Less is More: Returning from Injury (Runner’s knee, Patellofemoral Pain Syndrome)

I love America, but we do everything here to the extreme.

We’ve always been taught more is better, but when it comes to training – less is more and better is better.

I get referred athletes in pain or have to consult with injured athletes trying to get back on the field too often. Sadly, a lot of these injuries could be avoided if more attention was paid to total training volume and feedback from the athletes!

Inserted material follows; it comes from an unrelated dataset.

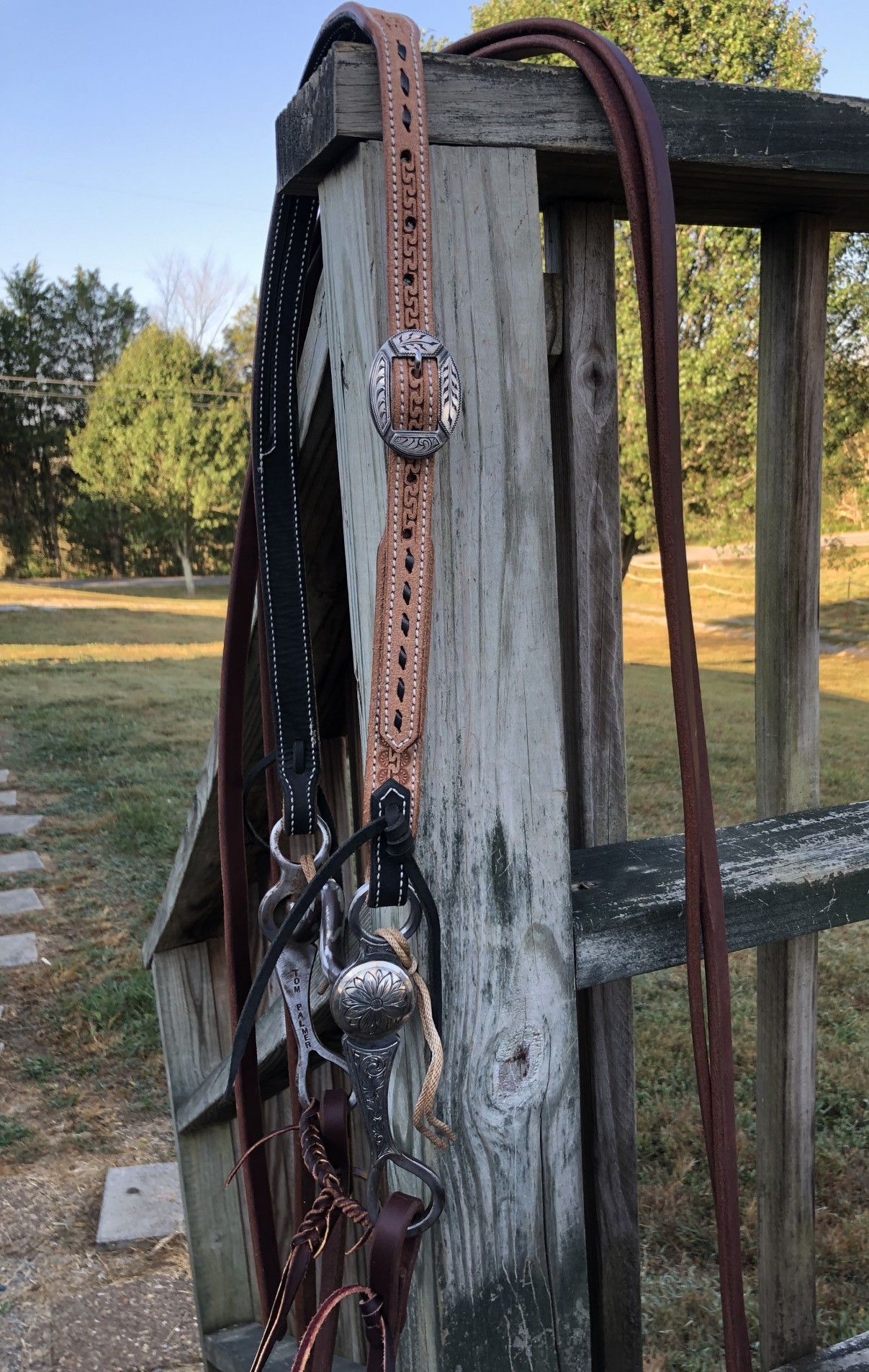 Very lightly used Tom Palmer mounted port bit on a new Rafter 2H leather roughout, lined, stamped, stitched with buckstitch split ear made by Brandon House with a 3/4” Mike Anders mounted cart buckle. Pretty nice combination here. Has good curb chain and bit hobble and new set of heavy 5/8” weighted end reins 8’ long. Will sell any and all. PLEASE TEXT OR CALL ONLY. Thank you.

*By the way, if you are having serious knee pain you should get it assessed in-person, by a professional that you trust.

 

Background: Track and field athlete

  • Program was incredibly high volume (up to 70+ miles a week!)
  • Little recovery (No off days)
  • Minimal weight training

Practically the entire team is hurt, no surprise right…

  • Told to keep running same program
  • Pain worsened until it became intolerable
  • Sent to see PT and Trainer at school

PT’s and Trainers at school see “knee pain” and say it’s due to tight IT bands. Certainly it’s not the running 70 miles a week with no off days.

“Roll IT band and we’ll do Cupping, Ultrasound, Stim.” Lol. Awesome, we’re back in the 90’s.

After some fresh cupping marks and quick stretches, it’s back out on the track tomorrow…

And right back to pain and being unable to continue after a few minutes of running.

This went on for weeks.

Outcome: Runner’s Knee or Patellofemoral Pain Syndrome (PFPS syndrome)

 

Here’s what we did to get her out of pain and back on the track:

Step 1: STOP RUNNING (aka eliminate the irritant)

This might seem like common sense, that’s because it is. But seriously, people miss this. You need to eliminate the stressor initially and break the pain cycle. That doesn’t mean you don’t train, because if you want it to heal quickly – you must train (intelligently).

BUT, you need to get away from the activity that is producing pain first.

So is running bad? No. It’s the load or the total volume of running that is the problem. In her case, this was an overuse injury. The body’s ability to tolerate and recover from this stressor (running) was exceeded. The result was pain. 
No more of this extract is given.